NDLR : Homa Arjomand est une militante iranienne vivant en exil au Canada. Elle a joué en 2005 un rôle important dans la campagne – victorieuse – contre l’adoption par l’État de l’Ontario d’une législation permettant la mise en place de tribunaux jugeant des affaires civiles selon le droit islamique (charia).
Le texte qui suit est celui de son audition, le 5 février 2015, devant un comité sénatorial à Ottawa, sur la prévention de la radicalisation.
Traduit de l’anglais par Jocelyne Clarke.
J’ai structuré ma réflexion de la façon suivante : d’abord, je parlerai brièvement des problèmes posés par les communautés dites islamiques.
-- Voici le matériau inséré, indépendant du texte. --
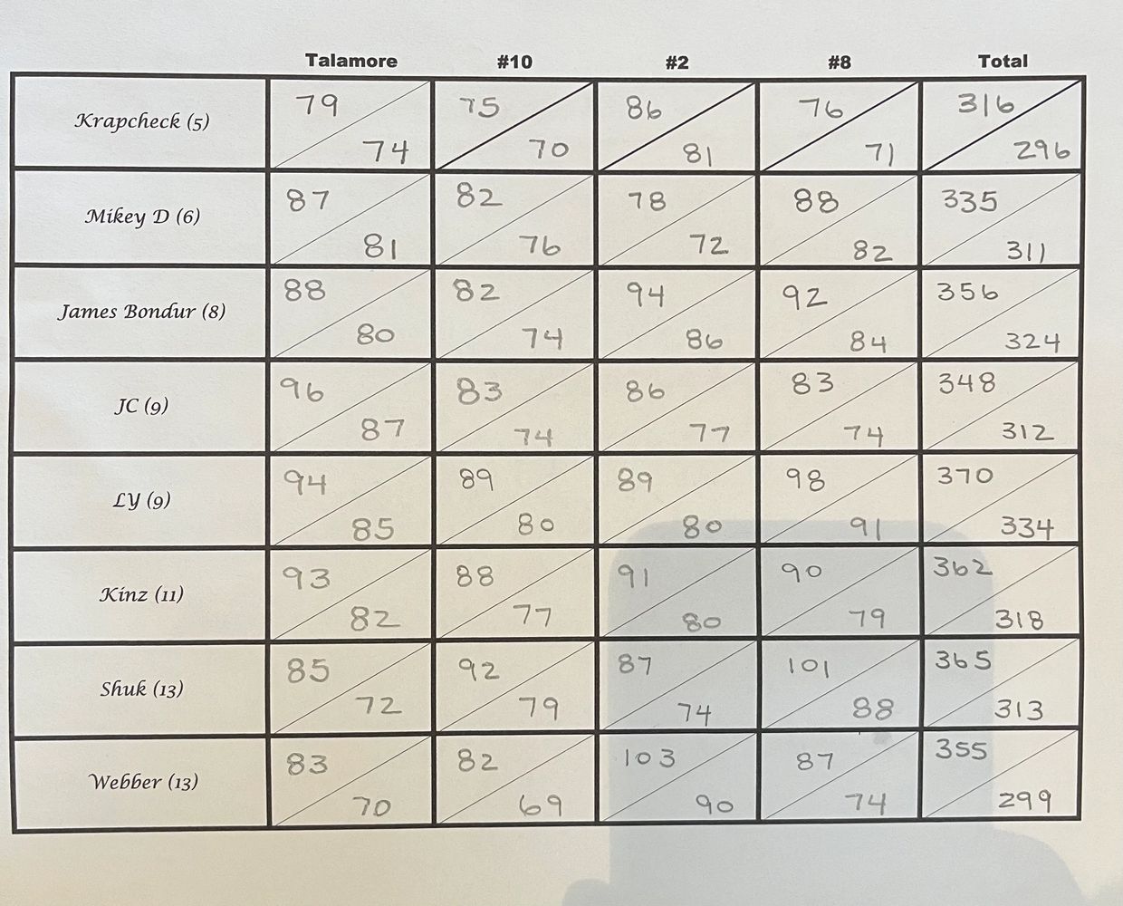 Congratulations to Krapcheck who kept his shit together for four rounds of golf!

Puis j’examinerai les questions auxquelles sont confrontés les membres de ces communautés avec l’ensemble de la société. J’axerai la fin de mon intervention sur les mesures aptes à prévenir la radicalisation au Canada.
Tout d’abord, les reculs au sein des communautés appelées islamiques :
– L’apartheid sexuel, la ségrégation des hommes et des femmes.
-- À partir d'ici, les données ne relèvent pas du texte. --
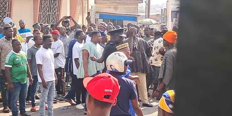 Security personnel struggled to maintain order on Monday, December 1, outside the Manhyia Palace in Kumasi as factions involved in the long-standing Bawku chieftaincy conflict jostled during the mediation processes.

– L’oppression des femmes prend les formes les plus grossières et les plus scandaleuses dans ces communautés : la polygamie, les mariages arrangés, les fillettes cédées en mariage, le trafic d’enfants pour des projets de mariage, les mariages temporaires (« prêt » islamique d’une femme pour une heure, un jour, un mois, appelé « seegheh »), les crimes d’honneur… sont désormais pratiquées dans ces communautés.
– Les hommes sont les chefs du foyer (parfois juste après Dieu), ils contrôlent les finances de la famille, le choix du lieu de résidence, le patrimoine, l’emploi, le divorce, la garde des enfants et le partage des biens suivant leurs propres traditions.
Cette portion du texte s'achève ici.